| DATA SUPPLIED |

---+---

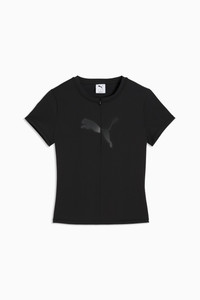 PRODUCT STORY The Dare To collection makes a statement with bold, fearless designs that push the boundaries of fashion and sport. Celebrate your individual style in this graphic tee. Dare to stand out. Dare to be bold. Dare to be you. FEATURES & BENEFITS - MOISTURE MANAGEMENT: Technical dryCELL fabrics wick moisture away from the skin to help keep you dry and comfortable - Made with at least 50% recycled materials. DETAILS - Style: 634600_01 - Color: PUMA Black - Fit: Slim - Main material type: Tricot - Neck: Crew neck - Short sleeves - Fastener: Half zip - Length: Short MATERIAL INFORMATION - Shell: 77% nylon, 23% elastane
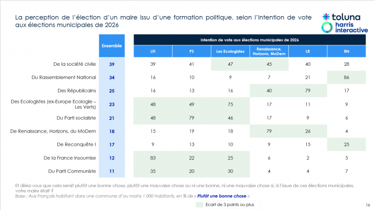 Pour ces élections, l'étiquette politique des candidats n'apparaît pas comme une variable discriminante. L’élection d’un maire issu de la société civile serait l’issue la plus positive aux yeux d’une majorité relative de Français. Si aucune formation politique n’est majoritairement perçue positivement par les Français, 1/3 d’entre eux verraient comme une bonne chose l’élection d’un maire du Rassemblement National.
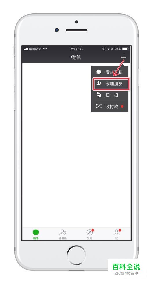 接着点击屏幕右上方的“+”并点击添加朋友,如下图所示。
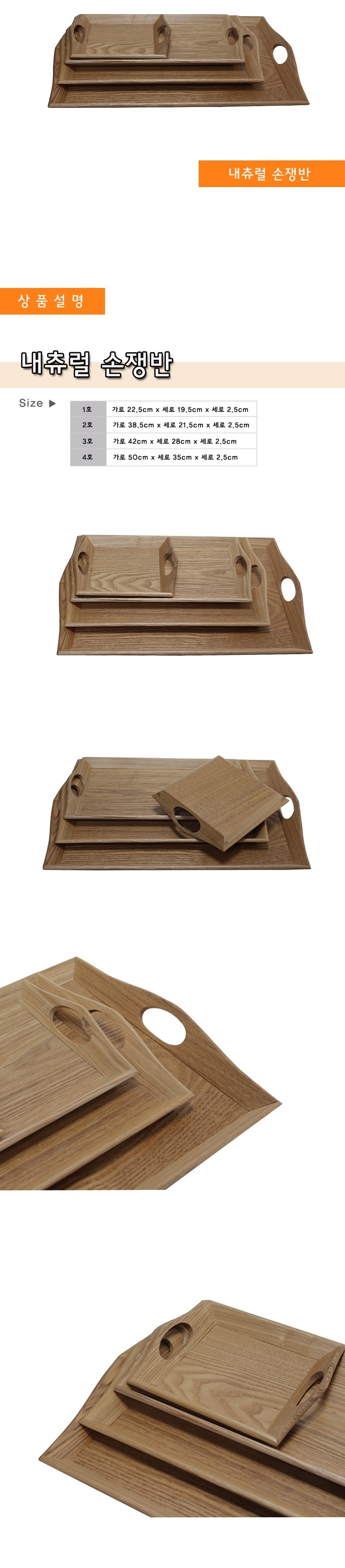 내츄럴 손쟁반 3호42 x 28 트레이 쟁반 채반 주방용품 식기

---+---

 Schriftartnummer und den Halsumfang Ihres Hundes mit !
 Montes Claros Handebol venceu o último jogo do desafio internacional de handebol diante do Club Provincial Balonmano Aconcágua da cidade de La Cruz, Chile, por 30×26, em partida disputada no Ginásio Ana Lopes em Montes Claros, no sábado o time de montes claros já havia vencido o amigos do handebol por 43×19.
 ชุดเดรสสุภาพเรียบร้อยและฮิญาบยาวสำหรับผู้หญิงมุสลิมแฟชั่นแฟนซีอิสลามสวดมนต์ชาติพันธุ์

---+---

| INSTRUCTIONS FOR THE TASK |
What are the lines above, starting at the one with "Montes Claros Handebol" and ending at the one with "ชุดเดรสสุภาพเร"? Give them again exactly, and only them.

| ANSWER SECTION |
 Montes Claros Handebol venceu o último jogo do desafio internacional de handebol diante do Club Provincial Balonmano Aconcágua da cidade de La Cruz, Chile, por 30×26, em partida disputada no Ginásio Ana Lopes em Montes Claros, no sábado o time de montes claros já havia vencido o amigos do handebol por 43×19.
 ชุดเดรสสุภาพเรียบร้อยและฮิญาบยาวสำหรับผู้หญิงมุสลิมแฟชั่นแฟนซีอิสลามสวดมนต์ชาติพันธุ์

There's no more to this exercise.